The final value is obtained by calculating the distance between the center points of pairwise clusters [117, 118]. In contrast to the compactness, this index only considers the inter-cluster distance. The larger the value, the better the clustering effect. It is defined as

$$\overline{{{{SP}}}} = \frac{2}{k(k - 1)}\sum\limits_{i = 1}^{k} {\sum\limits_{j = i + 1}^{k} {\left\| {w_{i} - w_{j} } \right\|^{2} } }$$
(14)

where \(w\) denotes the central point of cluster, and \(k\) is the number of clusters.

4.1.4 Silhouette Coefficient

For a sample point, the average distance between the sample point and other sample points in the cluster is defined as the cohesion of the cluster, and the average distance between the sample point and all sample points in the nearest clusters is defined as the separation degree of the cluster [119, 120]. Then, the calculation formula of the Silhouette coefficient of the sample is as follows:

$$s = \frac{b - a}{{\max (a,b)}}$$
(15)

where \(a\) is the cohesion of the cluster, and \(b\) is the separation degree of the cluster.

For the set of all samples, the Silhouette coefficient is the average of the Silhouette coefficient of each sample. The value of this index ranges from -1 to 1. When the degree of separation among clusters is larger than the degree of cohesion, the value of the Silhouette coefficient is approximately 1. Therefore, if the value of this index is close to 1, the clustering effect is good, and if the value is negative, the clustering effect is poor.

4.1.5 Calinski-Harabasz Index

The inter-cluster distance and intra-cluster distance are considered in this index [121]. The intra-cluster distance is represented by the distance between the sample point in the cluster and the center point of the cluster, and the inter-cluster distance is represented by the distance between the sample point and the center point of other clusters.
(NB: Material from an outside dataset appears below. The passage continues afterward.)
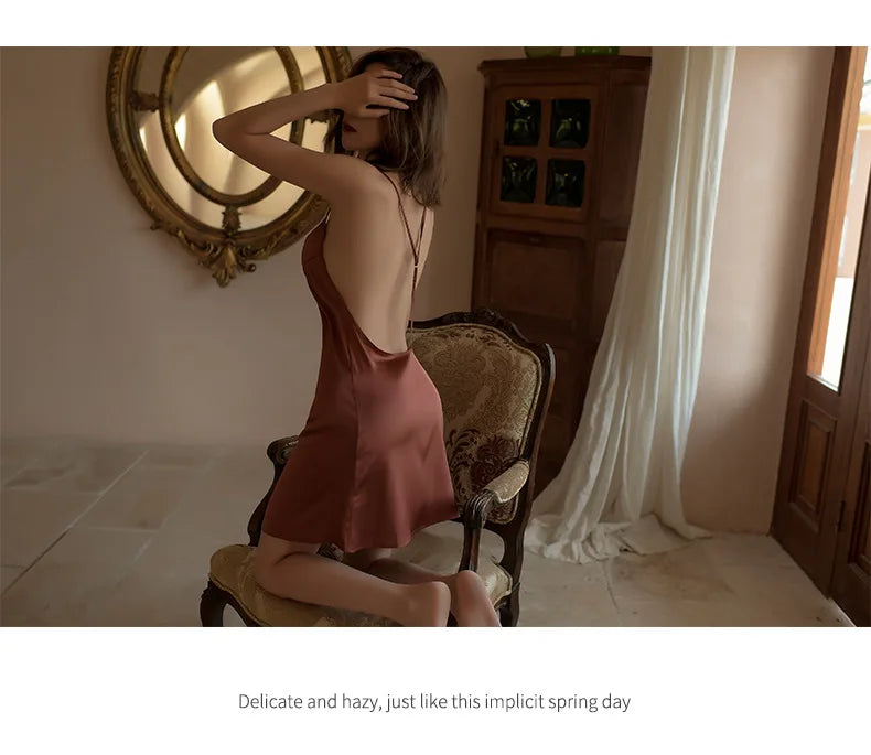 Sexy nightwear women Sleepwear Deep V Suspender Nightdress Beauty Back Simulation Silk Nightgowns Thin Home Clothes

The larger the value of CH, the closer the inter-cluster distance, the farther the intra-cluster distance, and the better the clustering effect [122]. The calculation formula is as follows:

$${{CH}} = \frac{{SS_{B} }}{{SS_{W} }} \times \frac{N - K}{{K - 1}} = \frac{{\sum\limits_{i = 1}^{K} {n_{i} \cdot d(v_{i} - \overline{v} )} }}{K - 1}/\frac{{\sum\limits_{i = 1}^{K} {\sum\limits_{j = 1}^{n} {d(x_{j} - v_{i} )} } }}{N - K}$$
(16)

where \(SS_{B}\) is the inter-cluster distance, \(SS_{W}\) is the intra-cluster distance, \(N\) is the sample size, and \(K\) is the number of clusters.
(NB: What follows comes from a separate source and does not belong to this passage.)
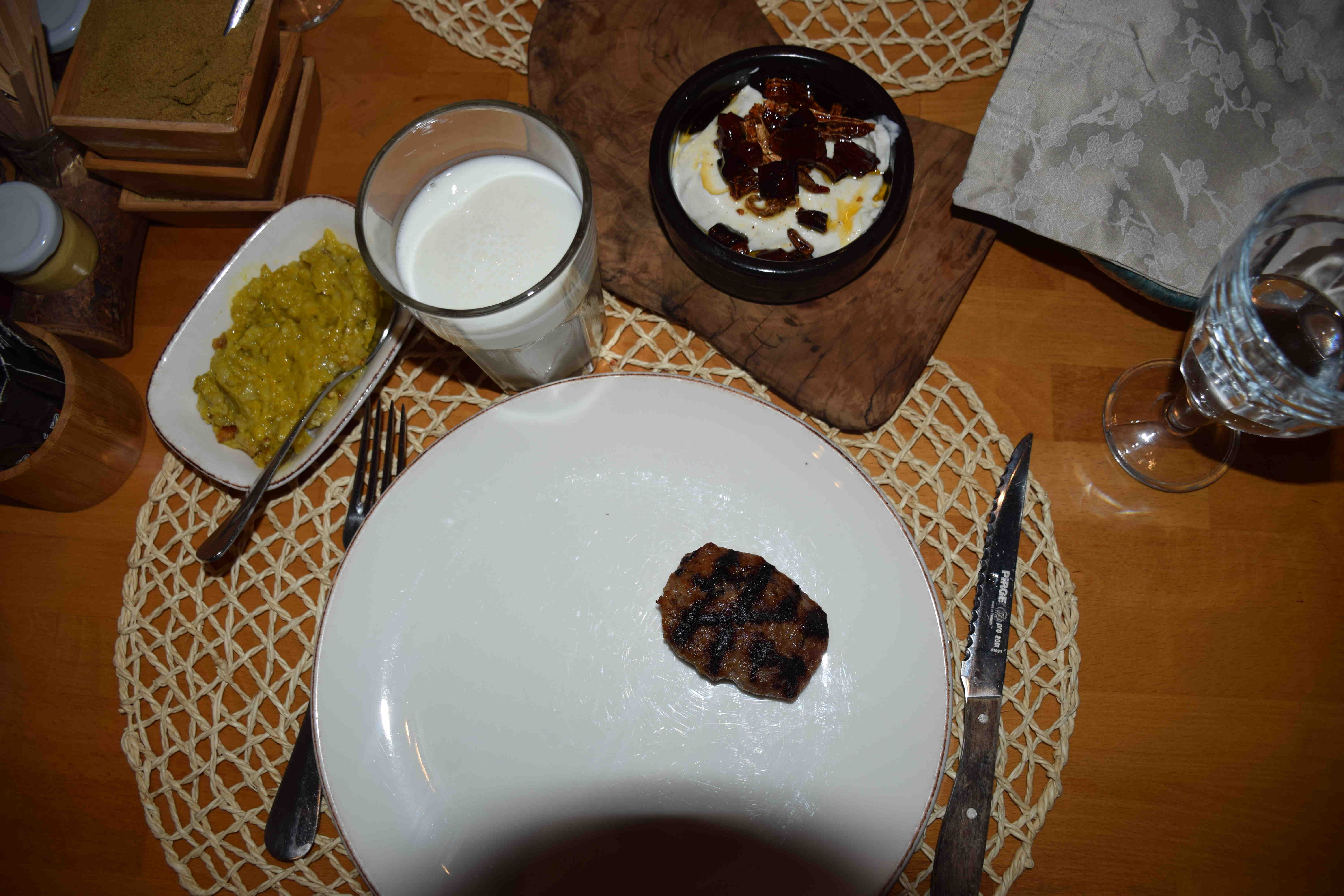 Başlangıç için köfte tercihimiz di, yanındaki salatayla çok lezzetliydi, mezeler den bahsetmek istiyorum, hardallı patlıcan ezmesi bi harikaydı, yani içinde patlıcan barındıran hiçbişey kötü değil bence zaten de, bu bi başka harikaydı, şimdi de mezelerin assolistinden bahsetmek istiyorum

4.1.6 Davies-Bouldin Index

In the DB index proposed by Davies et al. [123], the distance between the sample point and the cluster center point is used to estimate the tightness within the cluster, and the distance among the cluster center points is used to represent the degree of separation among clusters. The farther the inter-cluster distance, the closer the intra-cluster distance, the smaller the value of the DB index, and the better the clustering performance. The disadvantage is the use of Euclidean distance, which has a poor clustering effect on the circular distribution sample points [124]. Definitions are as follows:

$${{DB}} = \frac{1}{K}\sum\limits_{i = 1}^{K} {\mathop {\max }\limits_{i \ne j} } (\frac{{\sigma_{i} + \sigma_{j} }}{{d(c_{i} ,c_{j} )}})$$
(17)

where \(K\) stands for the number of clusters, \(c_{i}\) is the center of the cluster \(i\), \(\sigma_{i}\) is the average distance between any data in cluster \(i\) and \(c_{i}\), and d is the distance between \(c_{i}\) and \(c_{j}\).

4.1.7 Dunn Validity Index

Dunn index [125] is based on the idea of identifying cluster sets that are compact and well separated. It defines the ratio between the minimal inter-cluster distances to the maximal intra-cluster distance. It is computed as

$${{DVI}} = \frac{{\mathop {\min }\limits_{0 < m \ne n < K} \left\{ {\mathop {\min }\limits_{\begin{subarray}{l} \forall x_{i} \in \Omega_{m} \\ \forall x_{j} \in \Omega_{n} \end{subarray} } \left\{ {\left\| {x_{i} - x_{j} } \right\|} \right\}} \right\}}}{{\mathop {\max }\limits_{0 < m < K} \mathop {\max }\limits_{0 < n < K} \left\{ {\left\| {x_{i} - x_{j} } \right\|} \right\}}}$$
(18)

The farther the inter-cluster distance is, the closer the intra-cluster distance is, the larger the DVI index is, and the better the clustering performance is. The number of clusters with maximal DVI is taken as the optimal number of clusters and indicates that the clusters are compact and well separated [18]. But the disadvantage is that it only applies to discrete datasets.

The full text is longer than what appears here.